I am using R optim() function to estimate set of parameters which optimize user defined function shown below. But optim() out put is:
Error in optim(pstart, llAgedepfn, method = "L-BFGS-B", upper = up, lower = lo) :
L-BFGS-B needs finite values of 'fn'
Please help. The complete script is shown below:
dataM<-cbind(c(1.91,0.29,0.08,0.02,0.01,0.28,0.45,0.36,0.42,0.17,0.16,0.06,0.17,0.17,0.12),
c(0.27,4.54,0.59,0.05,0.04,0.13,0.48,0.68,0.66,0.18,0.11,0.06,0.08,0.08,0.08),
c(0.07,0.57,4.48,0.48,0.02,0.05,0.09,0.43,0.78,0.52,0.17,0.10,0.05,0.05,0.14),
c(0.02,0.04,0.44,4.34,0.36,0.09,0.07,0.11,0.41,0.77,0.43,0.10,0.03,0.04,0.14),
c(0.01,0.04,0.01,0.36,2.20,0.46,0.19,0.15,0.19,0.34,0.62,0.30,0.09,0.03,0.22),
c(0.22,0.11,0.05,0.09,0.45,0.91,0.61,0.43,0.37,0.26,0.41,0.63,0.29,0.16,0.15),
c(0.31,0.35,0.07,0.05,0.16,0.54,0.81,0.59,0.48,0.36,0.33,0.43,0.47,0.26,0.20),
c(0.22,0.45,0.29,0.08,0.11,0.34,0.53,0.85,0.71,0.39,0.27,0.26,0.26,0.28,0.38),
c(0.22,0.36,0.44,0.26,0.12,0.24,0.36,0.59,0.91,0.61,0.35,0.28,0.20,0.22,0.29),
c(0.09,0.10,0.30,0.49,0.22,0.17,0.28,0.33,0.62,0.80,0.52,0.29,0.20,0.11,0.46),
c(0.10,0.07,0.12,0.32,0.48,0.32,0.30,0.27,0.42,0.61,0.78,0.47,0.33,0.23,0.49),
c(0.04,0.04,0.06,0.08,0.24,0.53,0.41,0.28,0.36,0.36,0.50,0.67,0.51,0.19,0.47),
c(0.10,0.05,0.04,0.02,0.07,0.23,0.43,0.26,0.23,0.23,0.33,0.48,0.75,0.51,0.49),
c(0.05,0.04,0.03,0.05,0.02,0.10,0.19,0.22,0.21,0.10,0.18,0.14,0.40,0.79,0.82),
c(0.03,0.02,0.03,0.03,0.06,0.04,0.06,0.12,0.11,0.18,0.16,0.14,0.16,0.34,1.26)
)
NormCM <- dataM/eigen(CMWkday)$values[1] #Normalizing the contact mtrix - divide by the largest eigen value
w <- c(495,528,548,603,617,634,720,801,957,937,798,755,795,1016,2469)

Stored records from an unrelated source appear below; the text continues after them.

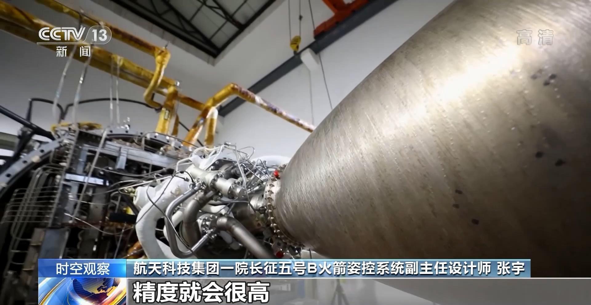 航天科技集团一院长征五号B火箭姿控系统副主任设计师 张宇:比如说像其他的火箭,我们末级会有那种小的姿控喷管,它的推力很小,用推力很小的东西来控制姿态,精度就会很高。你用一个很大的东西来控制它的时候,这个可以想象精度就没有那么高,难度就出来了。
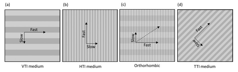 The principal order in the heterogeneities smaller than the wavelength is the layering of the rocks: we routinely expect to find a plane of isotropy in the bedding plane. If there is a plane of isotropy we have transverse isotropy (TI). Now we have to state the normal to the plane of isotropy. Transverse isotropy with a vertical axis, VTI, is the layer anisotropy (see figure 1). Transverse isotropy with a tilted axis is TTI (dipping beds). VTI or TTI means that the P wave traveling parallel to the bedding plane will have the same (faster) velocity whether it travels north or east or south, etc. However, normal to the bedding plane, the P wave velocity will be slower. Figure 2 presents schematically the symmetry terms.
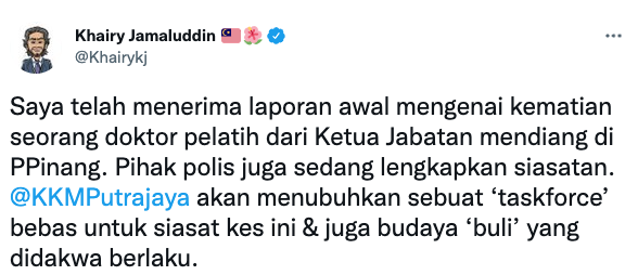 他今日在推特撰文表示,本身已接获槟城中央医院院长的初步调查报告。
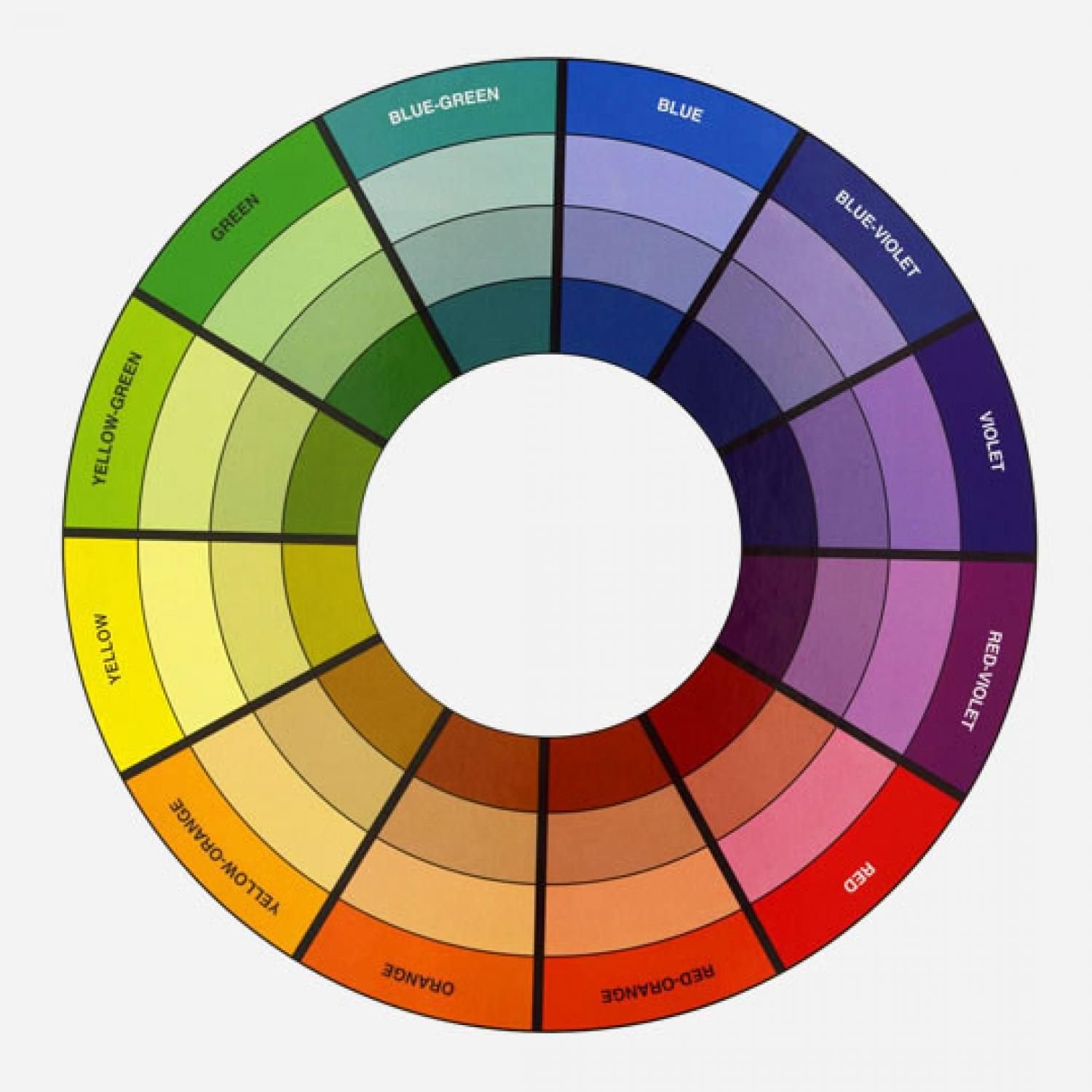 Цветовой круг имеет три преобладающих образца: первичные цвета, вторичные цвета и третичные цвета.Основные цвета

g2 <- c(770,622,726,559,410,547,564,472,399,397,340,308,337,91,84)
h2 <- c(269,426,556,430,271,284,303,207,194,181,126,106,74,24,23)
z2 <- h2/g2
g1 <- c(774,527,665,508,459,539,543,492,402,412,365,342,213,146,152)

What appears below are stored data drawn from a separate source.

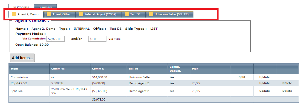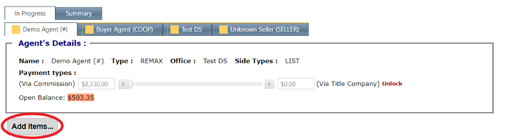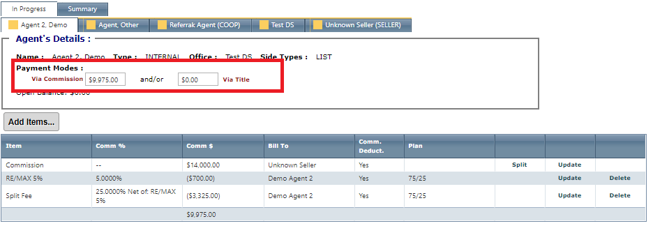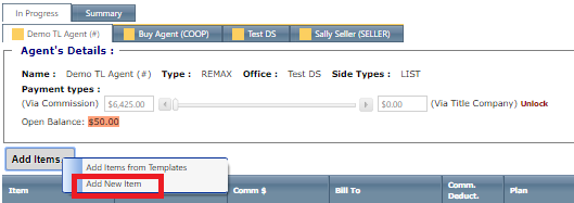 You may select whether the items will be paid out of the commission account or by title. You can accomplish this by entering the payment the agent is receiving in one of the 2 boxes below. You will want to do this for all the tabs.
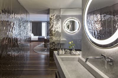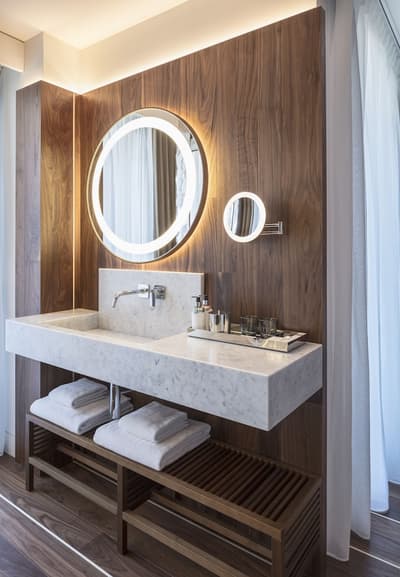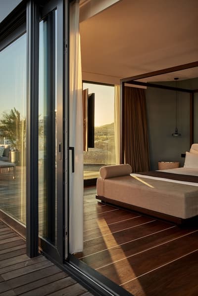 Idéale pour les couples, elle baigne dans une atmosphère romantique et sereine. Son espace extérieur est généreux avec ses 2 balcons aménagés de longues chaises pour apprécier la vue sur la vieille ville et le port. Elle dispose d’un lit en forme circulaire. Coin salon avec des fauteuils. Salle de bain chic avec douche à effet de pluie.
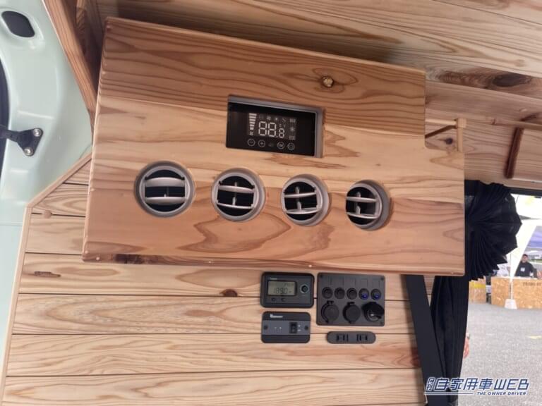 エアコンも木材で覆っておりしっかりと車内に溶け込んでいる。また、壁面には有孔ボードが設置されているので、好みに応じて様々なものを設置できる。
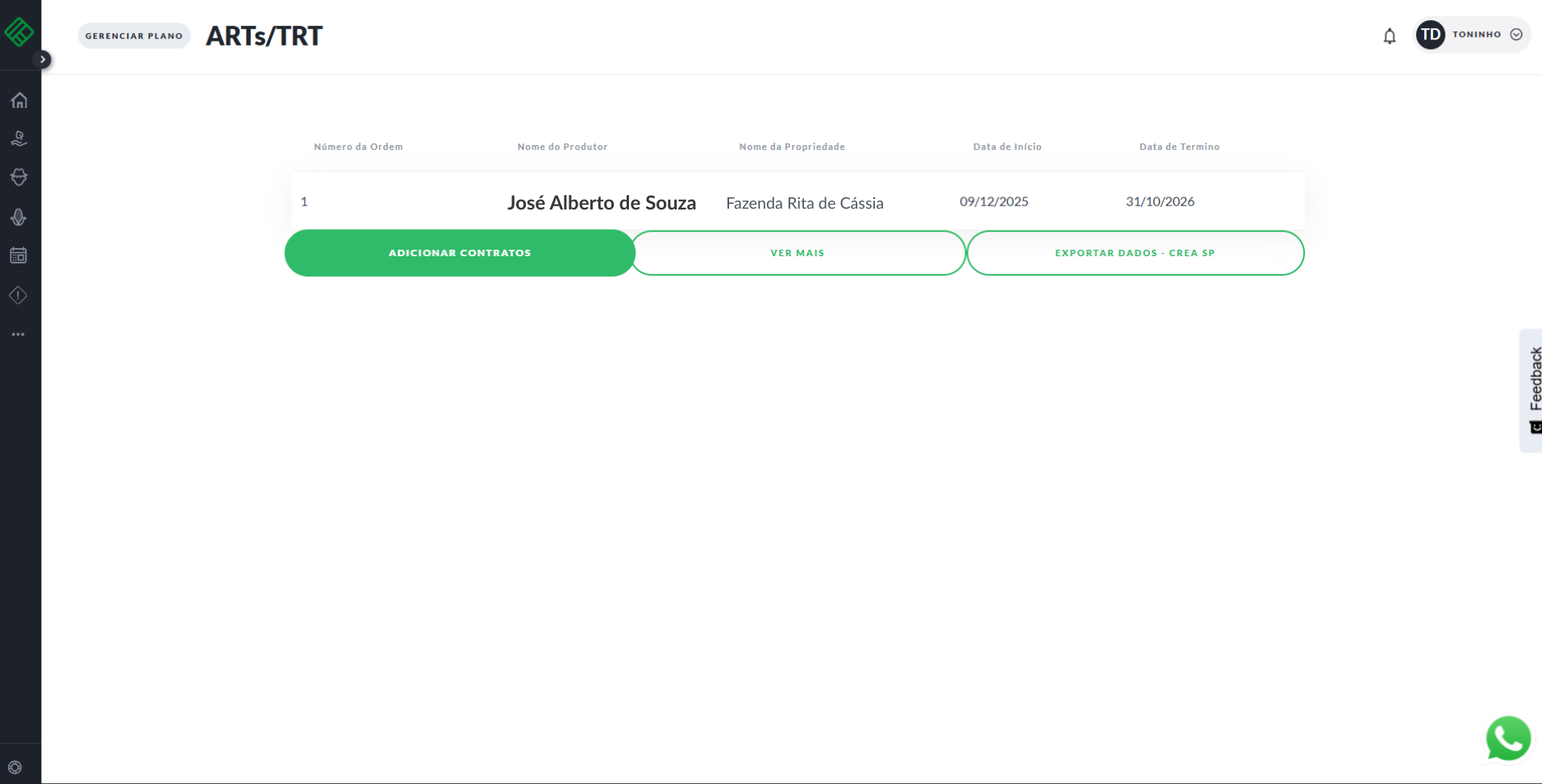 2.2 – Para incluir os contratos restantes de sua ART SP, acesse a plataforma do AgroReceita, faça o login e clique no menu ao lado em:
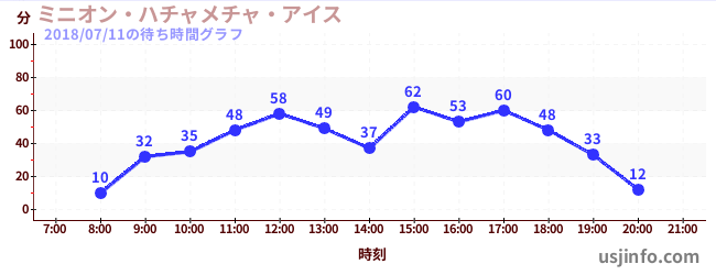 • ミニオン・ハチャメチャ・アイス$B$N(B2018年07月11日の待ち時間
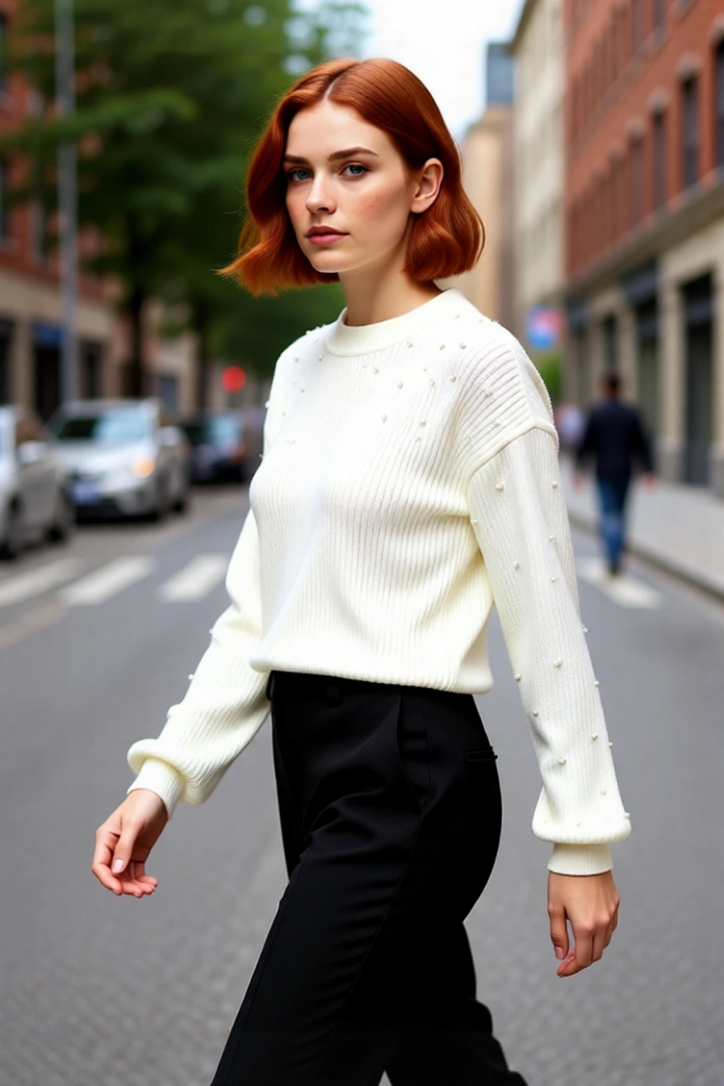 Ürün Özellikleri: Regular kalıp, akrilik materyal, inci detaylı desen, bisiklet yaka, düşük kol, triko kumaş, ekru renk, cepsiz tasarım.

h1 <- c(56,31,84,173,103,85,123,70,71,80,55,25,18,12,26)
z1 <- h1/g1
#### Normal loglikelihood #########
llnormfn <- function(q) {
tol <- 1e-9
final.size.start <- 0.8
zeta <- rep(final.size.start, nrow(NormCM))
last.zeta <- rep(0, nrow(NormCM))
first.run <- T
current.diff <- tol+1
loglik <- 0
while (current.diff > tol) {
zeta <- 1-exp(-(q*(zeta%*%NormCM)))
current.diff <- sum(abs(last.zeta-zeta))
last.zeta <-zeta
}
mu <- c(zeta)
zigma <- z1*(1-z1)/g1 + (z1+mu)*(1-(z1+mu))/g2
logliknorm <- -sum((((z2-z1)-mu)**2)/2*zigma + 0.5*log(2*pi*zigma))
return(logliknorm)
}
pstart <- c(1,1,1,1,1,1,1,1,1,1,1,1,1,1,1)

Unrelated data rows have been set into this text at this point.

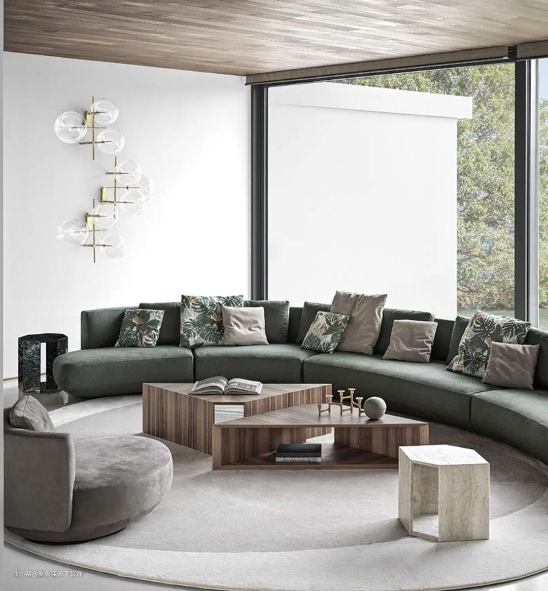 有电视墙的时候,沙发位总是对着电视。没有了电视,可以让沙发围起来,位置更紧凑,交流更方便,可享受独立的休闲空间。
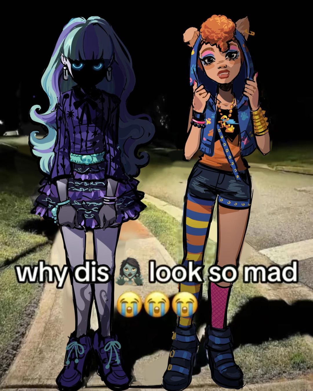2girls animal_ear_fluff animal_ears animal_print armband black_armband black_bow black_eyes black_footwear black_shorts blue_hoodie blue_sclera bow bracelet chain claws colored_sclera colored_skin curly_hair earrings english_text fangs fishnets glow-in-the-dark glowing glowing_eyes gold_bracelet gold_chain gold_necklace highres hood hoodie horizontal-striped_thighhighs howleen_wolf jewelry layered_skirt long_hair long_sleeves looking_at_viewer meme mistyxxart monster_girl monster_high monster_high_(g1) multicolored_hair multicolored_thighhighs multiple_girls necklace night open_clothes open_hoodie open_mouth orange_hair paw_print paw_print_pattern photo-referenced photo_background pink_nails pink_socks purple_footwear purple_hair purple_shirt purple_skin purple_skirt shaded_face shirt short_shorts shorts single_thighhigh skirt sleeveless sleeveless_hoodie sleeveless_shirt socks spider_print standing striped_clothes striped_thighhighs thighhighs two-tone_shirt twyla_boogeyman werewolf why_dis_ninja_look_so_mad_(meme) wolf_ears wolf_girl
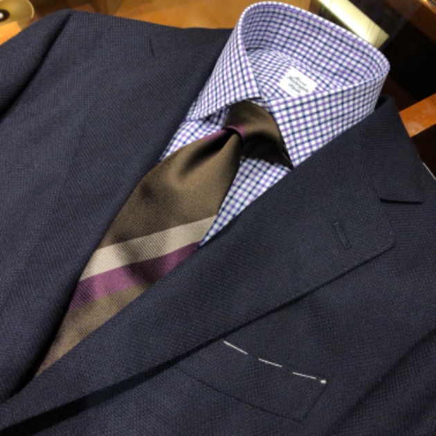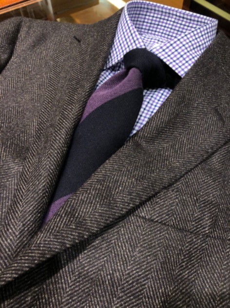 タッターソールのネイビー×パープルの配色と同じストライプタイをあえてもってくるのも嫌いではないです。

up <- c(5,5,5,5,5,5,5,5,5,5,5,5,5,5,5)
lo <- c(0.1,0.1,0.1,0.1,0.1,0.1,0.1,0.1,0.1,0.1,0.1,0.1,0.1,0.1,0.1)
estm <- optim(pstart, llnormfn, method = "L-BFGS-B", upper = up, lower = lo )
Your llnormfn doesn't return a finite value for all values of its parameters within the range. For example at the upper limit:
> llnormfn(up)
[1] NaN
Warning message:
In log(2 * pi * zigma) : NaNs produced
Because zigma must be less than zero here.
If you restrict the range a bit you can eventually find a spot where it does work...
> llnormfn(up-2)
[1] NaN
Warning message:
In log(2 * pi * zigma) : NaNs produced
> llnormfn(up-3)
[1] 42.96818
Let's check it works at the lower range:
> llnormfn(lo)
[1] 41.92578
that looks fine. So either you've set that upper limit outside the computationally valid range of your function, or you've got a bug in your llnormfn function, or both, or something else.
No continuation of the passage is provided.